Only five exploration wells have ever been drilled in the Chukchi Sea, all in a drilling program between 1989 and 1991. One of those wells, the Burger well, found a major gas accumulation in Beaufortian rocks that are broadly equivalent to the reservoirs of the Kuparuk field.

All of those wells targeted rocks equivalent to the reservoir for the Prudhoe Bay field, in an unsuccessful attempt to find the type of 3 billion-plus-barrel field that would be needed for viable oil field development in the Chukchi, Kumar said.

But the new seismic confirms the presence of a very thick Ellesmerian through Brookian sedimentary sequence throughout what geologists term the Hanna Trough, a major sedimentary basin in the center of the U.S. sector of the Chukchi. And north of the structural high called the Barrow Arch that is associated with most major oil fields of the North Slope, the seismic depicts almost 10 kilometers (30,000 feet) of what appear to be predominantly Brookian strata.

So, there appear to be many exploration opportunities in the Chukchi, beyond what the drilling program of the late 1980s targeted, including possibilities targeting some of the younger source rocks and reservoirs.

For example, drilling on the Lomonosov Ridge in the Arctic Ocean near the North Pole has revealed a mid-Tertiary, algae bearing horizon that could represent a regional Arctic source rock.

“If that can be buried to a reasonable depth we might have a younger system that would be operating in the Chukchi basin, and we don’t have to only look for the older systems and only for the big, early generation which is what happened on the North Slope,” Kumar said.

Gas chimneys

And just to get the saliva moving for any self-respecting exploration geologist, the GXT seismic shows widespread evidence of gas chimneys in the strata under the Chukchi Sea (a gas chimney shows up as a distinctive pattern on a seismic section and represents a column of natural gas bubbling up through the rock strata from a deep source).

“We’ve also seen a fair amount of gas chimneys from the data, basically throughout the dataset,” Dinkelman said. “To us that is suggestive that … the regional petroleum system that is active is far more pervasive than what we see just based on these five wells.”

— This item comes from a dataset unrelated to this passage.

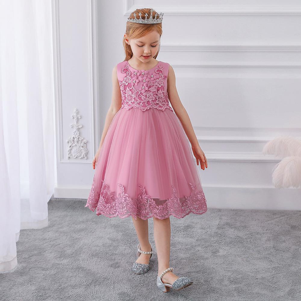 Ropa infantil de flores transfronteriza, vestido de princesa para niñas de gasa con encaje de flores, vestido de anfitriona ins, vestido de boda para niños, vestido de princesa

However, the GXT seismic has also brought to light some of the structural complexities of the Chukchi geology, with various cataclysmic events alternately pulling apart and compressing the rocks over geologic time.

“The Chukchi, I think, from this (seismic data) is a very complicated area, and what we can document … is that you have a series of rifting and compressional events that have taken place throughout the history from early Paleozoic until late Cretaceous,” Kumar said.

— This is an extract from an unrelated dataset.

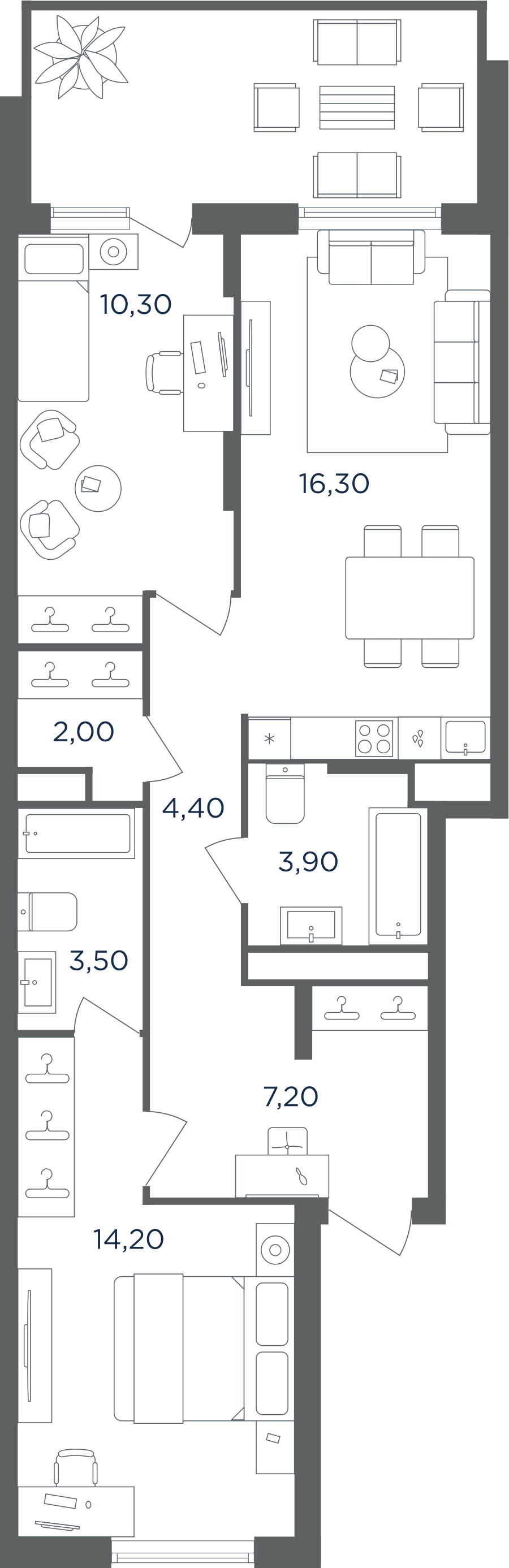 Покупатели могут выбрать квартиры разных площадей и планировок. Это могут быть как квартиры, так и апартаменты площадью от 27 до 93 кв. м. Среди предложений есть квартиры евроформата. На последних этажах у всех квартир имеются видовые террасы. А в распоряжении жителей первых этажей — собственные участки придомовой территории.
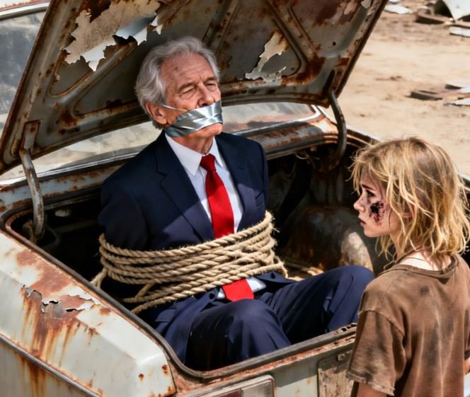 His wrists were bound. Tape sealed his mouth. His suit was wrinkled, torn, stained with sweat and dirt. Bruises darkened his face. His eyes—dark, exhausted—locked onto hers.

One curiosity in the structures revealed in the seismic is the apparent absence of what geologists term the Herald Thrust, the major geologic fault that represents the seaward extension of the northern front of the Brooks Range.

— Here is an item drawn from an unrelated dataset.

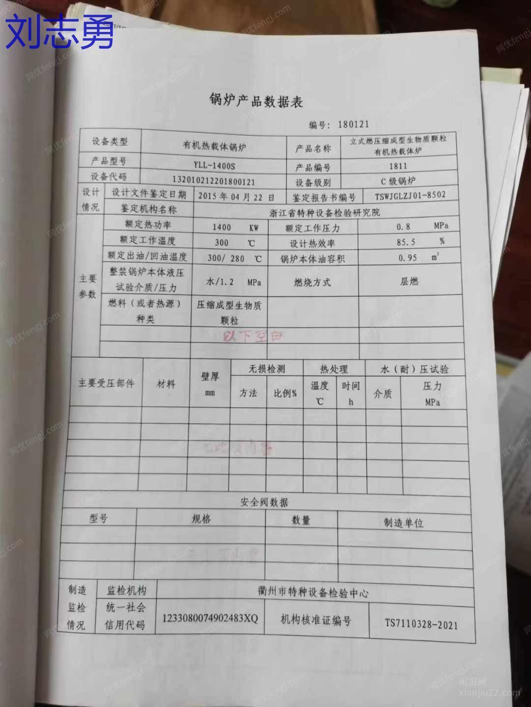 _120万大卡生物质导热油锅炉,手续配件齐,低价出售,120万大卡生物质导热油锅炉,手续配件齐全,移装证明已经办理。 有意者电联!

“We were not able to show the Herald Thrust as a continuation of the front of the Brooks Range,” Kumar said. “… We did not see that kind of feature in any of the data towards the southern end of our survey.”

Given the short time window and proximity of the permanent ice pack during the 2006 open water season GXT was able to shoot about half of the seismic it had planned. The company plans to acquire additional data, filling in the seismic grid that it has now established and extending coverage out over the edge of the continental shelf into the Canada basin of the Arctic Ocean.